Share

Bab 5 Seorang Supir

Author: Myafa
last update Huling Na-update: 2025-06-11 12:11:08

Mereka saling beradu pandang.

Menatap wajah Dave dari jarak sedekat ini membuat Alana tertegun.

“Sebaiknya kamu lebih hati-hati,” ucapnya.

“Maaf, spreinya terlalu tinggi. Jadi aku tidak bisa mencapainya,” jawab Alana membela diri.

Ia buru-buru menegakkan tubuhnya. Kali ini lebih hati-hati agar tidak terjatuh untuk ketiga kalinya.

Sayangnya, tangan Dave yang masih berada di pinggangnya.

“Bisakah kamu melepaskan aku?” tanya Alana kikuk. Dave masih tidak melepaskannya untuk beberapa saat.

Mendapati pertanyaan itu, Dave buru-buru melepaskan tangannya yang melingkar di pinggang Alana. Kemudian mengambilkan sprei di lemari paling atas.

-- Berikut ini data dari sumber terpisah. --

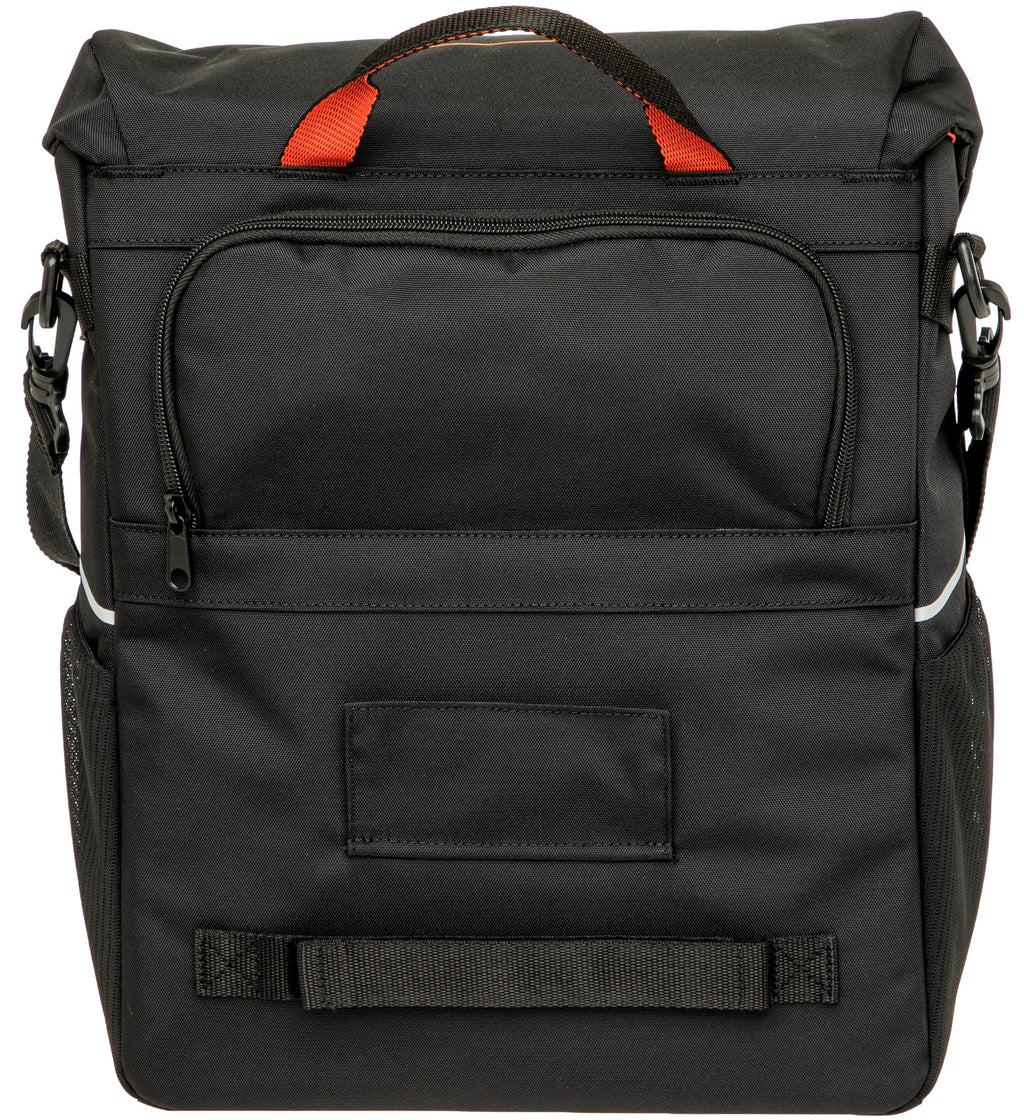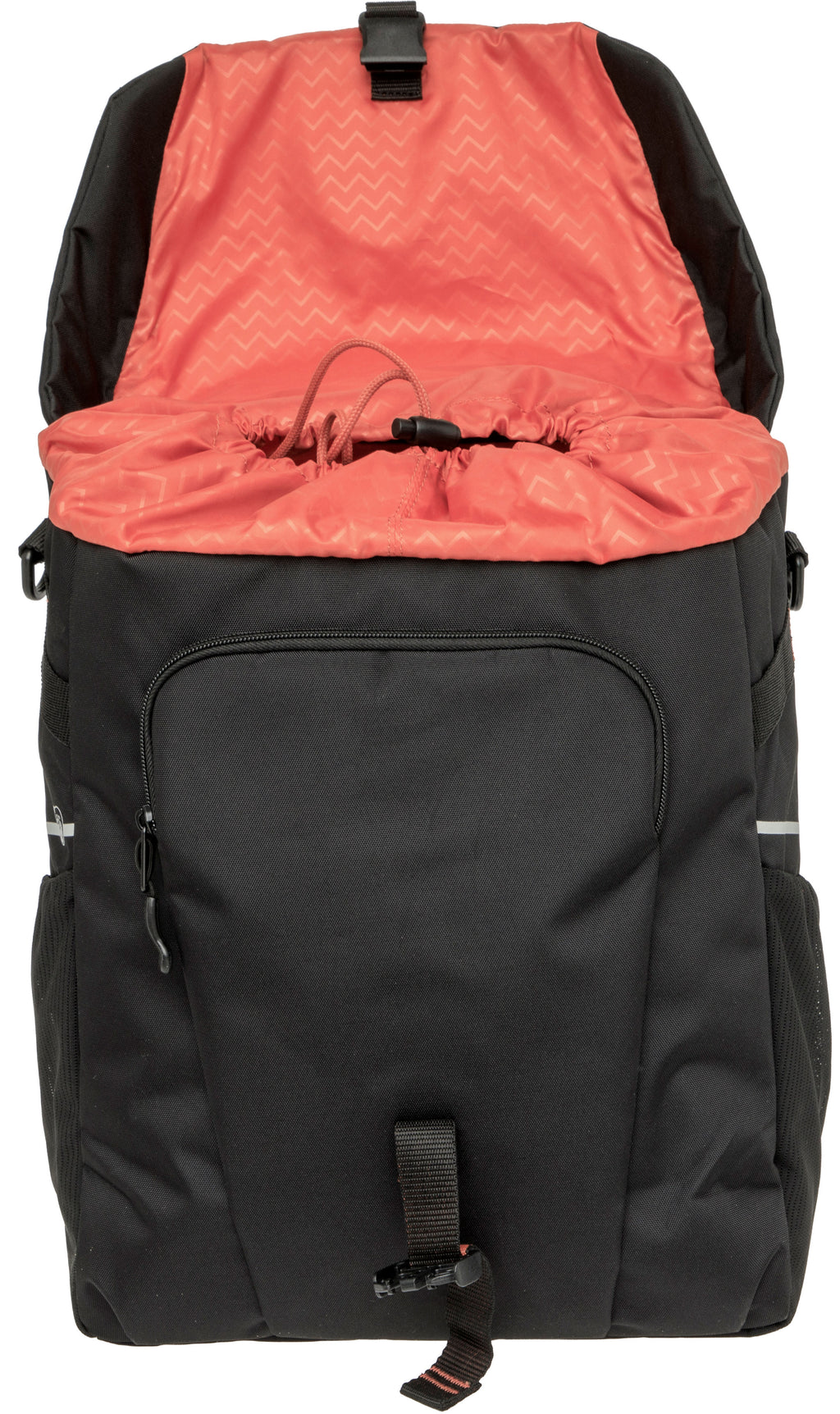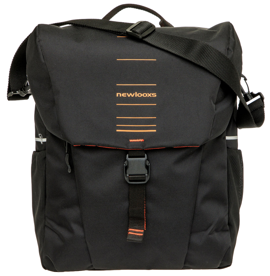 Deze populaire tas is vernieuwd en heeft een frisse look gekregen. Kan iets dat al heel goed is, nóg beter worden? Wij denken van wel! De Vigo Single is een enkele fietstas met een sportieve uitstraling. De kleuraccenten op de tas geven de tas een frisse look. Met een handig formaat is deze moderne tas perfect voor dagelijks gebruik. Als je de tas van de fiets haalt, dek je de haken af met een ritsvakje, waardoor je de tas als schoudertas kan gebruiken. De tas heeft een verstelbare, afneembare schouderband. De fietstas past op vrijwel alle fietsen, ook elektrische. De Vigo is gemaakt van gerecycled polyester, een bewustere keuze. De bijgeleverde regenhoes zorgt ervoor dat alles droog blijft. Praktisch en sportief design Wie veel kilometers maakt, mag hoge eisen stellen aan een fietstas. De Vigo Single heeft veel praktische kenmerken. Het hoofdvak van de tas sluit je met een aansnoersluiting. Vervolgens sluit je de klep eenvoudig met kliksluitingen. Deze sluitingen van deze tas openen en sluiten extra makkelijk. Fijn als je je handen vol hebt met boodschappen, of last hebt van bijv. reumatische klachten. Dankzij het ruime hoofdvak met extra ritsvakje, 2 elastische zijvakken en een extra voorvak met rits, neem je spullen goed georganiseerd mee. Eenvoudige bevestiging met R&K haken De Vigo enkele fietstas wordt op de bagagedrager bevestigd met R&K haken. Rixen & Kaul haken kunnen worden afgesteld op de breedte van een bagagedrager. Zo passen de haken perfect op iedere bagagedrager met een buisdiameter van 6 tot 16 mm. De extra vergrendeling tussen de haken zorgt ervoor dat de tas niet zomaar van de bagagedrager getrokken kan worden. De bevestigingshaken kunnen afgedekt worden met een ritsvak. Hierdoor kun je de tas als schoudertas gebruiken, door middel van de verstelbare, afneembare schouderband. Veilig onderweg De Vigo Single is stevig en vormvast door de kunststof platen in de bodem en achterwand. Ook is de fietstas extra verstevigd met foam. Daardoor blijft de tas goed in vorm en kun je makkelijk je spullen in de tas stoppen. De enkele Vigo fietstas is gemaakt van waterafstotend gerecycled polyester. Doordat de klep over de tas heen valt, is de tas goed waterafstotend voor kleinere regenbuien. Wil je dat de tas ook zware regenbuien doorstaat? Deze tas wordt geleverd mét bijpassende regenhoes. Zo heb je deze altijd bij de hand en maak je de tas 100% waterdicht. De tas is afgewerkt met reflectie voor extra veiligheid in het donker. Op de zijkanten van de tas zitten bandjes waar je eenvoudig een ledlampje op kunt bevestigen voor extra zichtbaarheid.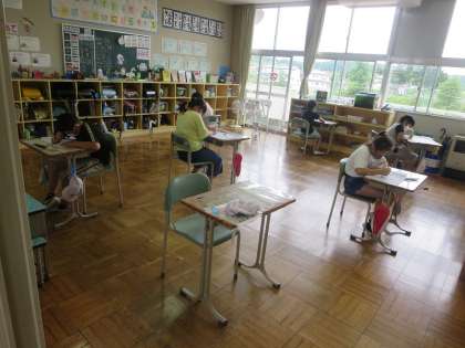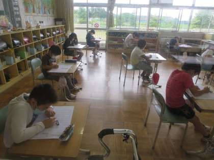 1校時の2階は、いつもと違う雰囲気。ひっそりとしていたのです。6年生は理科室で授業中。だけど4・5年生は教室で授業のはずです。そおっとのぞいてみると…。テスト中でした。しかも寝ていたり、ぽーっとしていたりする子はいません。みんな一所懸命に問題を読み、考え、解答していました。

“Ini,” ujarnya seraya memberikan sprei pada Alana, namun pandangannya tidak tertuju pada Alana.

Alana tercenung sesaat. “Terima kasih.” Lalu menerima sprei itu dan mengganti sprei lama dengan dengan yang baru.

Sekarang apartemen sudah bersih. Sudah nyaman untuk ditempati.

Dave memerhatikan apartemen yang telah bersih juga kasur yang telah berubah spreinya. Ia mengamati setiap sudut dengan seksama, seolah mencari sebuah kesalahan. Hingga tatapannya beralih pada Alana. Ada kilat keterkejutan yang singkat di matanya sebelum kembali dingin.

“Dave, kasur ini tidak muat jika kita pakai tidur bersama,” kata Alana menatap Dave.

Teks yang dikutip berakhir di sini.